The morning after was horrible, like a moral, emotional hangover. Even for a former war correspondent who has covered too many wars and massacres, but who has, for the first time, witnessed shooting at a stone’s throw from his family members.

Ten months after last January’s attacks against the satirical magazine Charlie Hebdoand a kosher shop in Paris, people thought, hoped, things would never be the same after a spectacular solidarity march. And now, it has started again, in a more massive, brutal way, and it looks like it could repeat itself again. After what had been, for ISIS, an attack against the “enemies” of Islam – or rather their senseless version of it – France is facing for the first time senseless random killings. A first here, even if the London attacks in 2005 and those in Madrid in 2004 had already targeted ordinary people only united by the fact that they were using public transport at the wrong time.

So now, as politicians and media say, it is “war”, not the war of words we too often indulge in, but the real thing. Not in Beirut or in Syria, Iraq or Turkey, but here, in Europe, at our doorsteps. A war situation with new border controls and, for the first time in decades, a state of emergency.

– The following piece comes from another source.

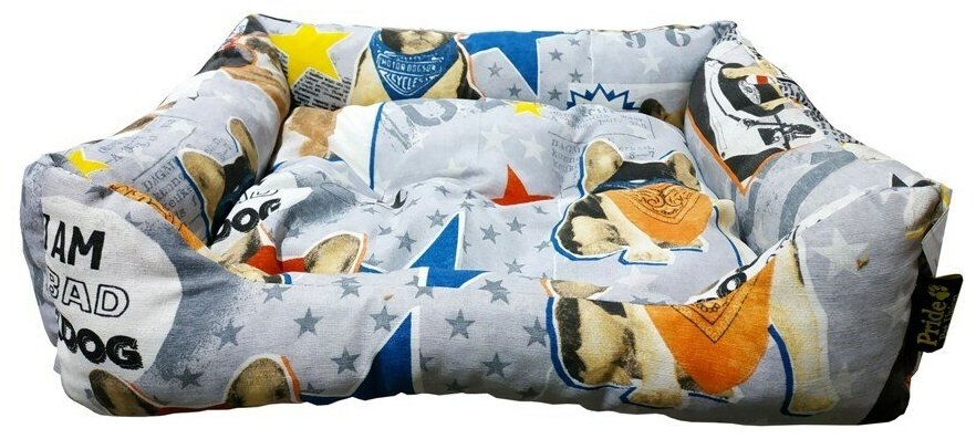 Лежанка диско ДОГ от Pride - прекрасный выбор для Вашего любимого питомца! Верхняя ткань - плотный жаккард с ярким принтом. Высокий процент натурального волокна (хлопок) в составе обеспечит меньшую электризацию. Наполнительполиэфирное волокно высокого качества, которое долгое время не потеряет своей упругости при эксплуатации и стирке. Борт защищает от холода и создаёт чувство защищенности. Лежак имеет мягкую съемную подушку и прочное водонепроницаемое дно из ПВХ для удобства эксплуатации и стирки по мере загрязнения. Данная лежанка выпускается в двух размерах - Вы сможете подобрать именно ту, которая подходит Вашему питомцу.состав: ткань – 54% хлопок + 46% полиэстер (мебельный жаккард), наполнитель - 100% полиэфирное волокно (синтешар).уход: химчистка, стирка в деликатном режиме.Для лежанки размером по внешним краям 70х60 см: высота - 17 см, подушка - 51х42 см

But while this war is not, or not yet, an all-out war like WW I or II, the sense of national unity we shared after Charlie has already started to crack, only hours after the blood of 219 persons was shed on the streets of Paris, thanks to politicians mainly concerned with next month’s regional elections, personal or ideological hatreds and their political ambitions. Sad.

A brand new situation?

This all-out, indiscriminate attack, hitting Parisian bourgeois alongside youngsters from the ‘banlieues’, Muslims, Christians, Jews and non-believers alike, rich and poor just because they are French – i.e., for IS, evil “Crusaders” – this has created a brand new situation.